- The Brazilian companies in the consumer discretionary sector have the largest probability of default (PD) – stands at 3.97%;
- The Mexico’s PD levels across sectors remain higher of the Brazilian levels, but have also dropped to levels seen before March 2020.
The probabilities of default of Latin America’s two largest economies, Brazil and Mexico, dropped to pre-pandemic levels, indicating that the arrival of vaccines and better planning have alleviated bankruptcy fears.

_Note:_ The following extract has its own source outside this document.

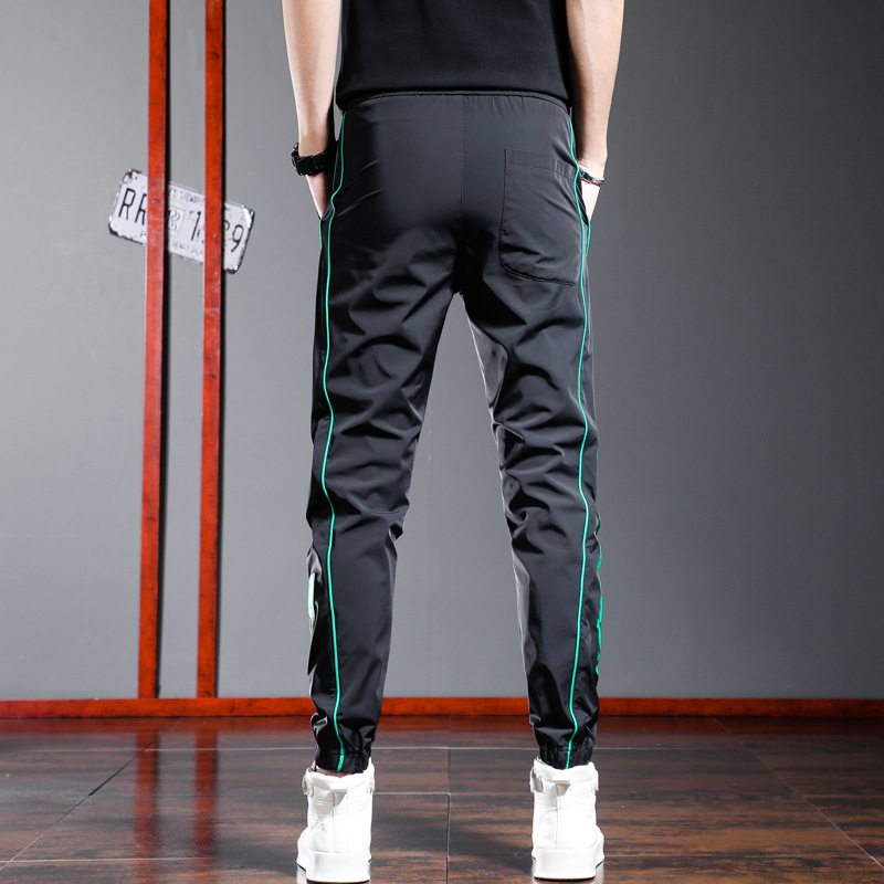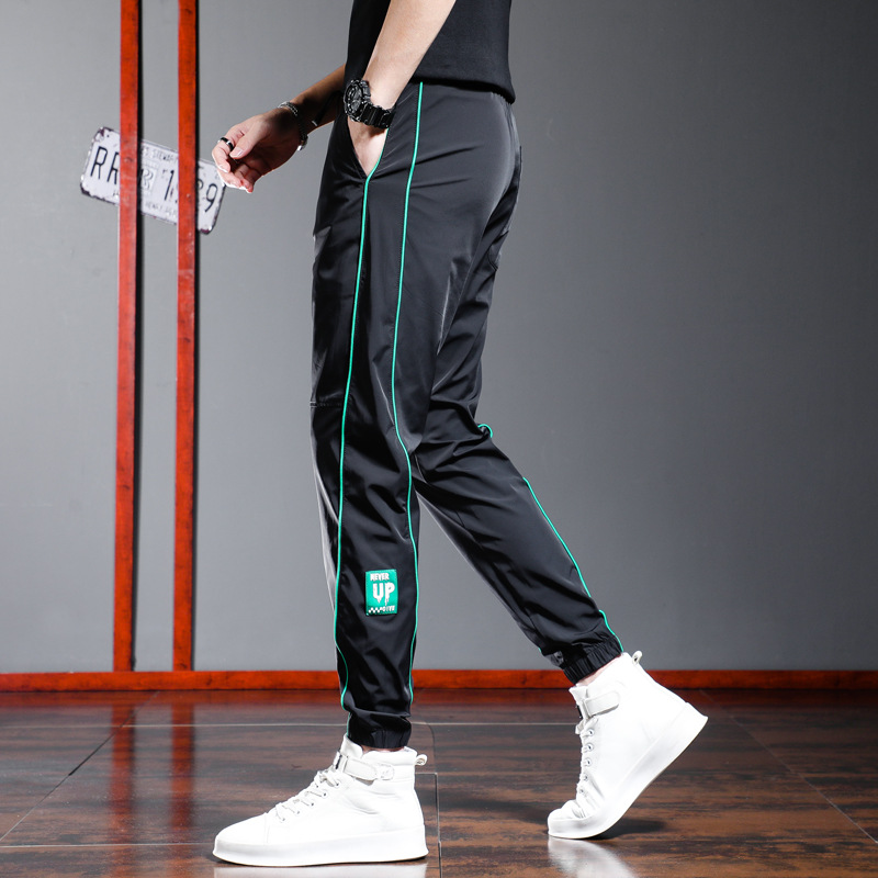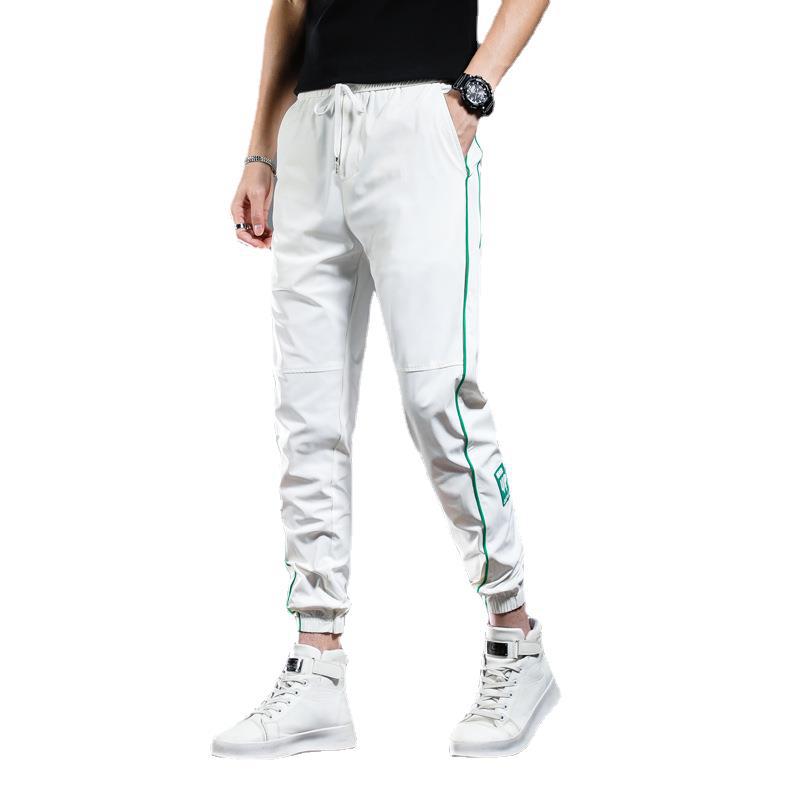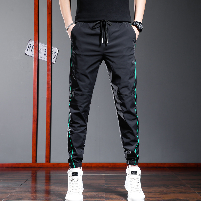 가벼운 럭셔리 여름 얇은 얼음 실크 슬라이딩 스트레치 스포츠 바지 남성용 슬림핏 다리 유럽 캐주얼 운동복

The analysis, made by S&P Global Market Intelligence, indicates that the Brazilian companies in the consumer discretionary sector have the largest probability of default (PD) – stands at 3.97% –, while other sectors like industrials and financials companies show probabilities of less than 2%.
The score represents the odds that a company will default in the next year based on fluctuations in the company’s share price and other country and industry related risks.
The Mexico’s PD levels across sectors remain higher of the Brazilian levels, but have also dropped to levels seen before March 2020. The largest probability of default is from the Mexicans companies in the consumer discretionary sector too, as in Brazil, at 7.8%. Communication services and energy companies show a probability of default of 5.4% and 3.2%, respectively.
According to S&P, the two countries adopted very different measures to preserve economic activity in the face of the COVID-19 pandemic. While Brazil managed to boost production by spending about 10% of GDP on stimulus and aid packages, Mexico spent only 1.1% of its GDP.
The macroeconomic crisis that hit both countries, however, did not result in many bankruptcies or defaults for companies. Only four defaults were reported by S&P Global Ratings in Mexico during 2020, and only three in Brazil, thanks to facilities to renegotiate loans and debts.
“The economic decline in 2020 was brutal, but there were [government] support measures and refinancing was abundant, which allowed the default rate to remain much lower than we expected” said Diego Ocampo, Senior Director & Sector Lead for Latin America at S&P Global Ratings.